Junio huele a mar. Ahora vivo lejos de él y me huele a recuerdo
y a nostalgia. Claro que también me huele a la ropa que se ha
pasado todo el invierno en el armario. Creo que la nostalgia y la naftalina
huelen igual.
Agosto huele a aburrimiento. Es un mes que odio. Y septiembre huele
a libros nuevos y a papel de forro. A curso por empezar y a vida que
se pone en marcha. Todavía hoy siento esa sensación cuando
empieza
septiembre. Me lleno de energía y quiero hacer montones de cosas.
Mis mejores propósitos me los hago en septiembre y no en Año
Nuevo, como hace la mayoría de la gente.
Es por esto que me gusta tanto el olor a libro recién abierto.

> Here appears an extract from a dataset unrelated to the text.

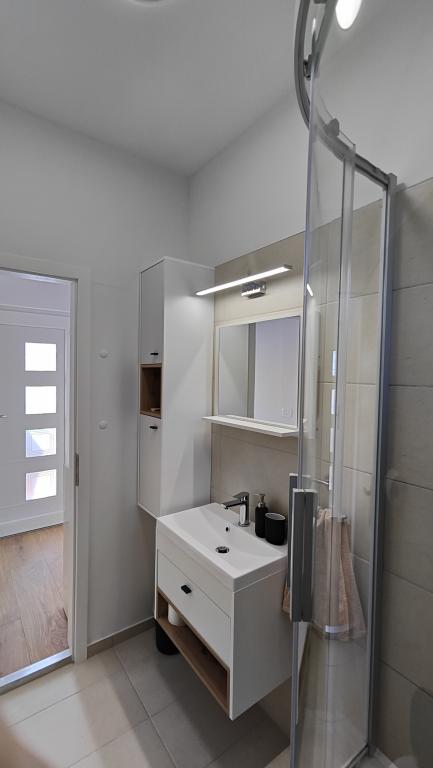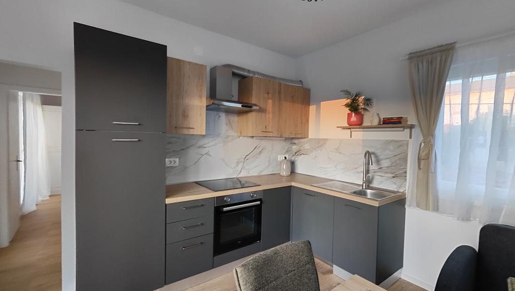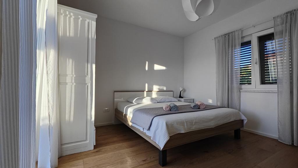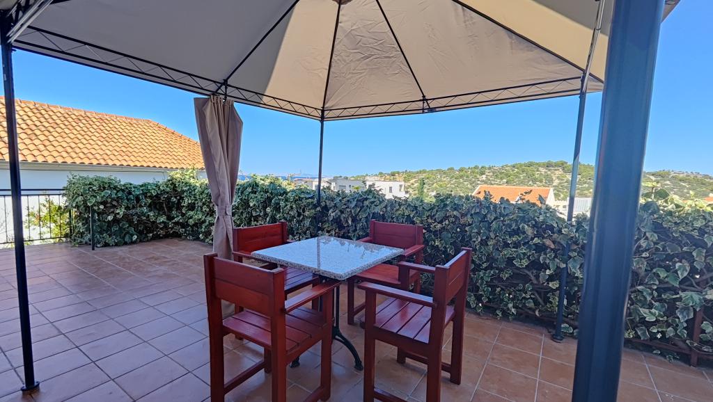 Teljesen felújított apartman privát környezetben, nagy terasszal és tengerre néző kilátással, 300 méterre a Slanica homokos strandtól. A vendégek rendelkezésére áll grillező és egy udvari társalgó, valamint egy biztonságos parkolóhely. Az apartmanhoz egy nagy, különálló hálószoba tartozik. A konyha teljesen felszerelt, kávéfőzővel, mosogatógéppel, nagy hűtőszekrénnyel és fagyasztóval, valamint mosógép is rendelkezésre áll.

Me recuerda a cuando los forraba y estaba deseando que empezaran las
clases para estrenarlos. En Marzo mi cartera ya no olía tan bién.
Olía a pedacitos de goma, a virutas de lápiz y a suspensos.
Cuando dibujo libros de texto, los libros con los que muchos de vosotros
teneis que estudiar, algunos aprender a leer y algunos aprender a sumar,
pienso en que tienen que ser muy divertidos para que os apetezca hacer
vuestras tareas.
A veces lo consigo y otras no.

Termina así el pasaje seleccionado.